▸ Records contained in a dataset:
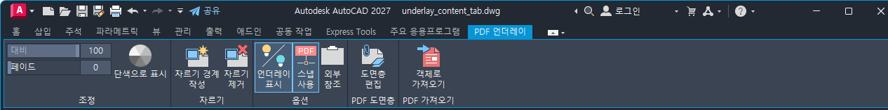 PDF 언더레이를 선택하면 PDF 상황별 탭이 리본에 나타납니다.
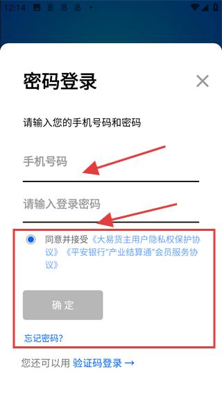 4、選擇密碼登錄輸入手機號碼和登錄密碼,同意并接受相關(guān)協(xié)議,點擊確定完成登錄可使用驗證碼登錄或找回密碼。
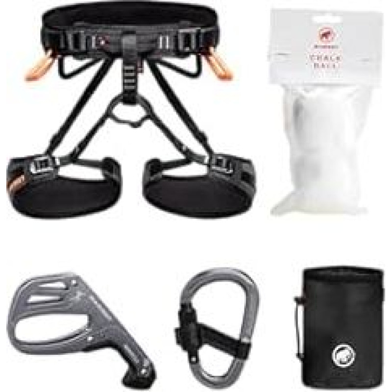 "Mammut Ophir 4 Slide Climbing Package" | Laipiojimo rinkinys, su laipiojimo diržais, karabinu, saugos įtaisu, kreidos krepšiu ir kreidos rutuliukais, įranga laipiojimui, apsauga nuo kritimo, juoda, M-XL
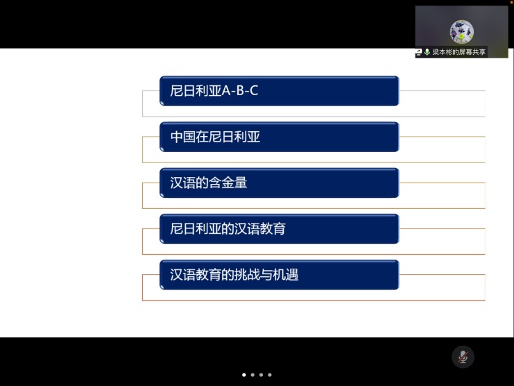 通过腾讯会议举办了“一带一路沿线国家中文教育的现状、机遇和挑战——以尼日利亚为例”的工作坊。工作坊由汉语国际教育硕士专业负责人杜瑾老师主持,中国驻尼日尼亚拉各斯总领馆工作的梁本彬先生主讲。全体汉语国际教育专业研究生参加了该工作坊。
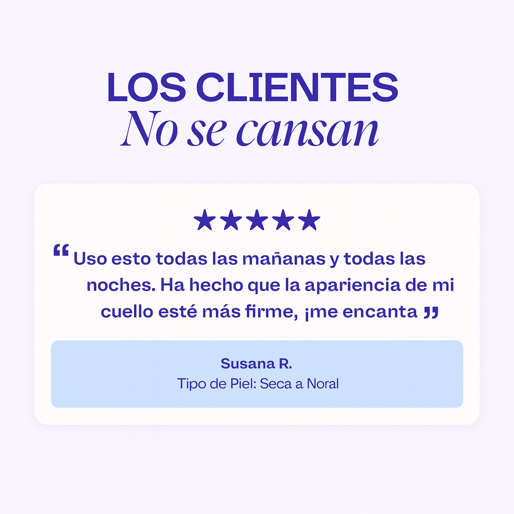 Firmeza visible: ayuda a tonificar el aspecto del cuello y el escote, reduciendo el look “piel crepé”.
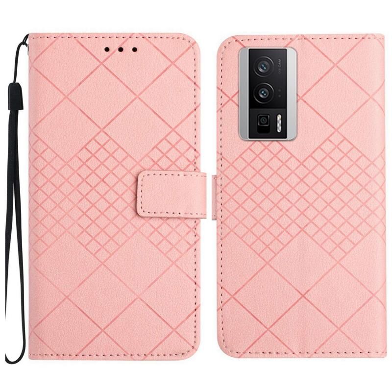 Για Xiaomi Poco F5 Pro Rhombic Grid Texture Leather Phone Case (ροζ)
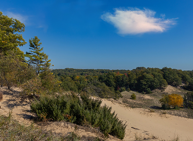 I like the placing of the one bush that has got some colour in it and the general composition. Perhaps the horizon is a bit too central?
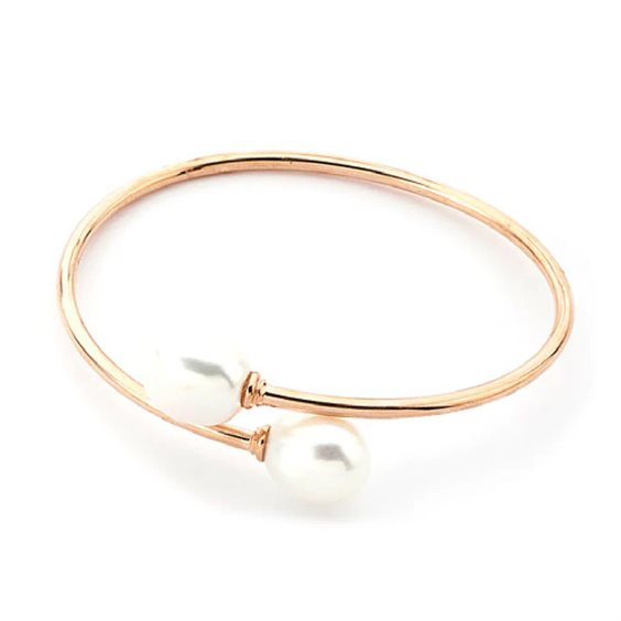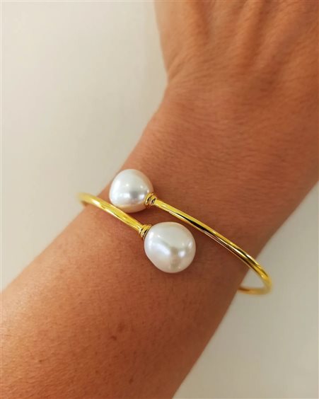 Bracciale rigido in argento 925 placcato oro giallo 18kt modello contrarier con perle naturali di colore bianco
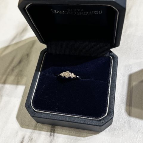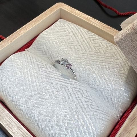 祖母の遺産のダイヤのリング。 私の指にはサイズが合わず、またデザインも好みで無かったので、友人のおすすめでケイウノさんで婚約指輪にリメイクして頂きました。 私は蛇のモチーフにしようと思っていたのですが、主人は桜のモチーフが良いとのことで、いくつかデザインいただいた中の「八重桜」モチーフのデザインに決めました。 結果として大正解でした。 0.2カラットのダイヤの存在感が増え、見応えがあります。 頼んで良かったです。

▸ WORK TASK: Return all the data above as written, leaving out only the pictures.

▸ TASK SOLUTION:
 PDF 언더레이를 선택하면 PDF 상황별 탭이 리본에 나타납니다.
 4、選擇密碼登錄輸入手機號碼和登錄密碼,同意并接受相關(guān)協(xié)議,點擊確定完成登錄可使用驗證碼登錄或找回密碼。
 "Mammut Ophir 4 Slide Climbing Package" | Laipiojimo rinkinys, su laipiojimo diržais, karabinu, saugos įtaisu, kreidos krepšiu ir kreidos rutuliukais, įranga laipiojimui, apsauga nuo kritimo, juoda, M-XL
 通过腾讯会议举办了“一带一路沿线国家中文教育的现状、机遇和挑战——以尼日利亚为例”的工作坊。工作坊由汉语国际教育硕士专业负责人杜瑾老师主持,中国驻尼日尼亚拉各斯总领馆工作的梁本彬先生主讲。全体汉语国际教育专业研究生参加了该工作坊。
 Firmeza visible: ayuda a tonificar el aspecto del cuello y el escote, reduciendo el look “piel crepé”.
 Για Xiaomi Poco F5 Pro Rhombic Grid Texture Leather Phone Case (ροζ)
 I like the placing of the one bush that has got some colour in it and the general composition. Perhaps the horizon is a bit too central?
 Bracciale rigido in argento 925 placcato oro giallo 18kt modello contrarier con perle naturali di colore bianco
 祖母の遺産のダイヤのリング。 私の指にはサイズが合わず、またデザインも好みで無かったので、友人のおすすめでケイウノさんで婚約指輪にリメイクして頂きました。 私は蛇のモチーフにしようと思っていたのですが、主人は桜のモチーフが良いとのことで、いくつかデザインいただいた中の「八重桜」モチーフのデザインに決めました。 結果として大正解でした。 0.2カラットのダイヤの存在感が増え、見応えがあります。 頼んで良かったです。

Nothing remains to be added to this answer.